* **EXERCISE GOAL**
Please restate word for word the lines of the entries below from the one with "По одному из" to the one with "W profilu pracownika", inclusive, and leave out every picture.

* **PROVIDED DATA**
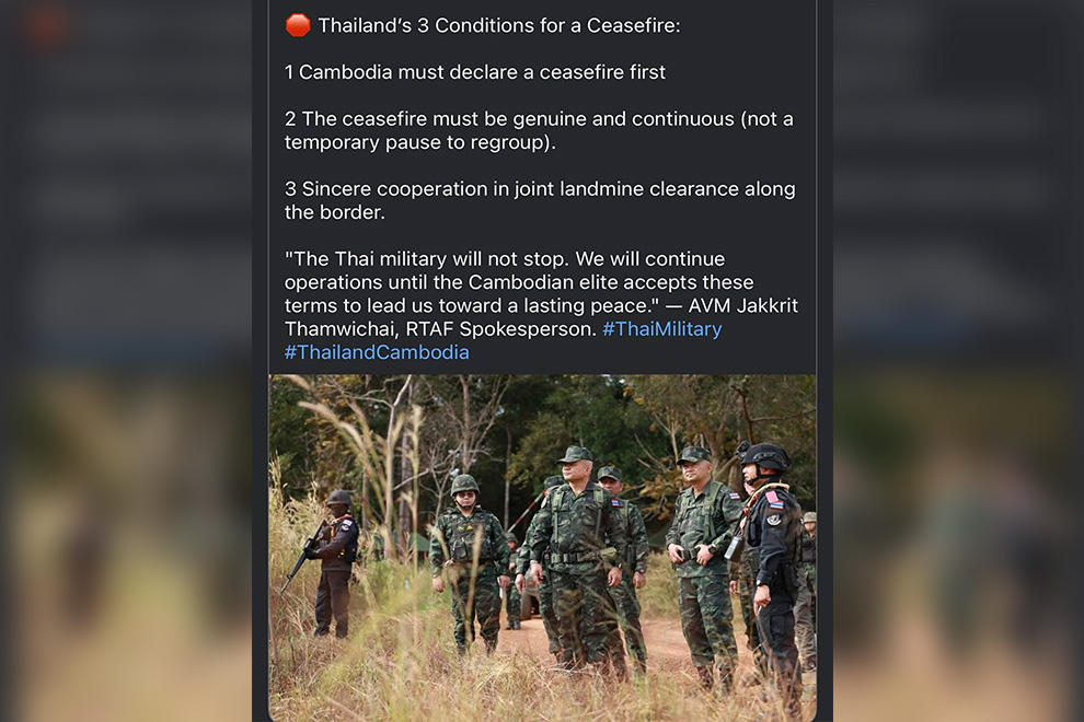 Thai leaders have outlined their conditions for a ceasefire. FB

==

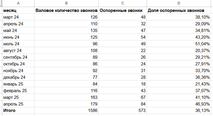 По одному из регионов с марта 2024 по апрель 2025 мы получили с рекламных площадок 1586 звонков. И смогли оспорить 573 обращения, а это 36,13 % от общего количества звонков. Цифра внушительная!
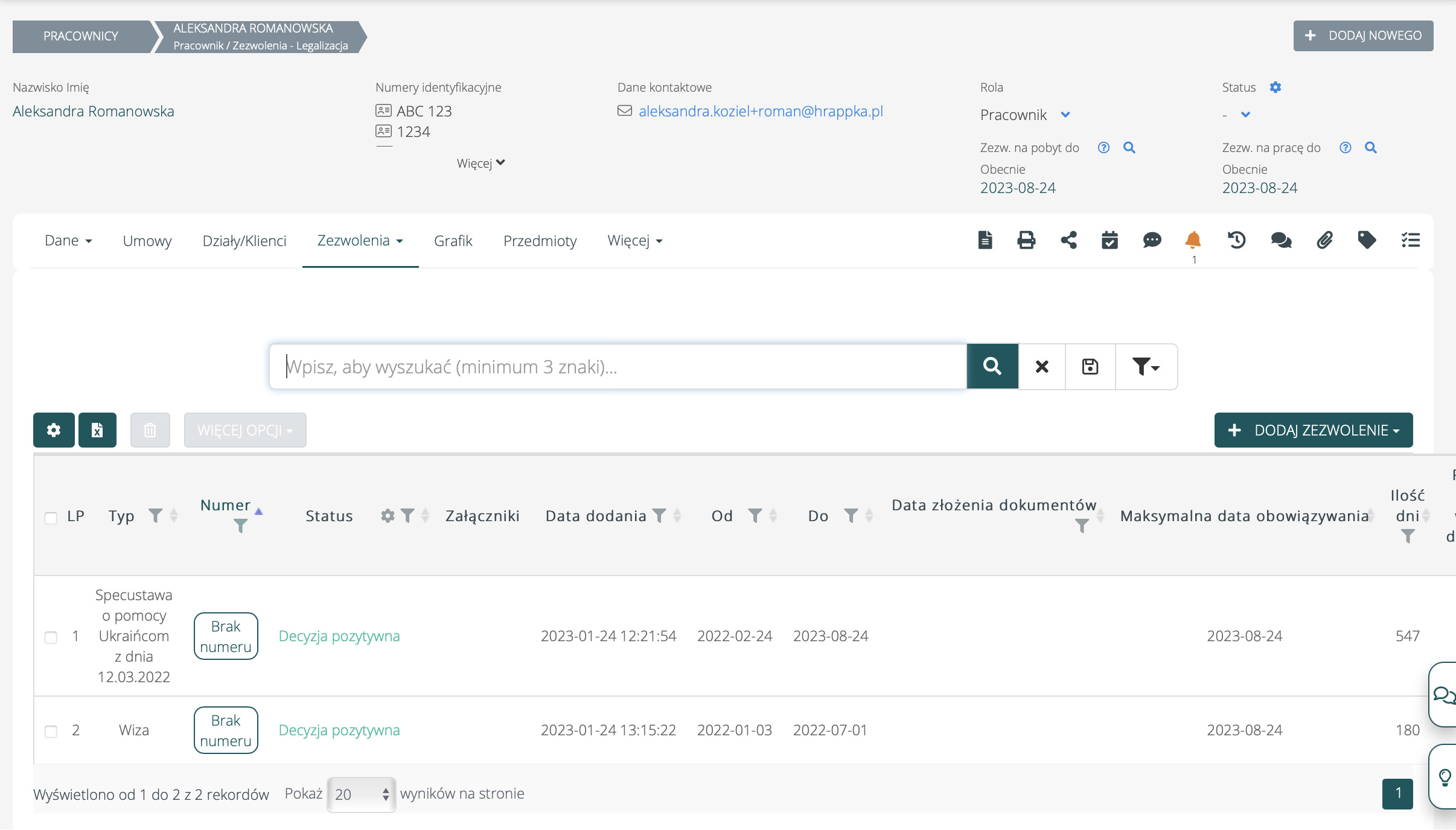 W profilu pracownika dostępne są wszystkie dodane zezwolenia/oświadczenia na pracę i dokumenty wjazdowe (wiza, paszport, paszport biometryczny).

...

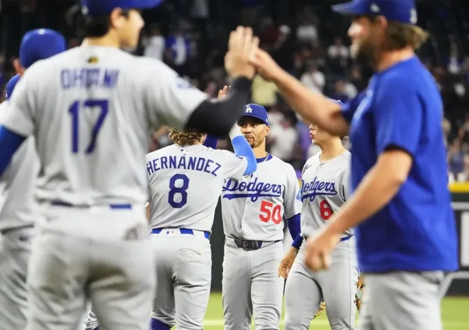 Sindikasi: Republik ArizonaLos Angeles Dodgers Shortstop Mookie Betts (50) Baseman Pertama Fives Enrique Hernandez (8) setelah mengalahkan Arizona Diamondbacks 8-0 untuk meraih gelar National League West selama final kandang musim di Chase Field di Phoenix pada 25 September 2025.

* **RESPONSE TO THE TASK**
 По одному из регионов с марта 2024 по апрель 2025 мы получили с рекламных площадок 1586 звонков. И смогли оспорить 573 обращения, а это 36,13 % от общего количества звонков. Цифра внушительная!
 W profilu pracownika dostępne są wszystkie dodane zezwolenia/oświadczenia na pracę i dokumenty wjazdowe (wiza, paszport, paszport biometryczny).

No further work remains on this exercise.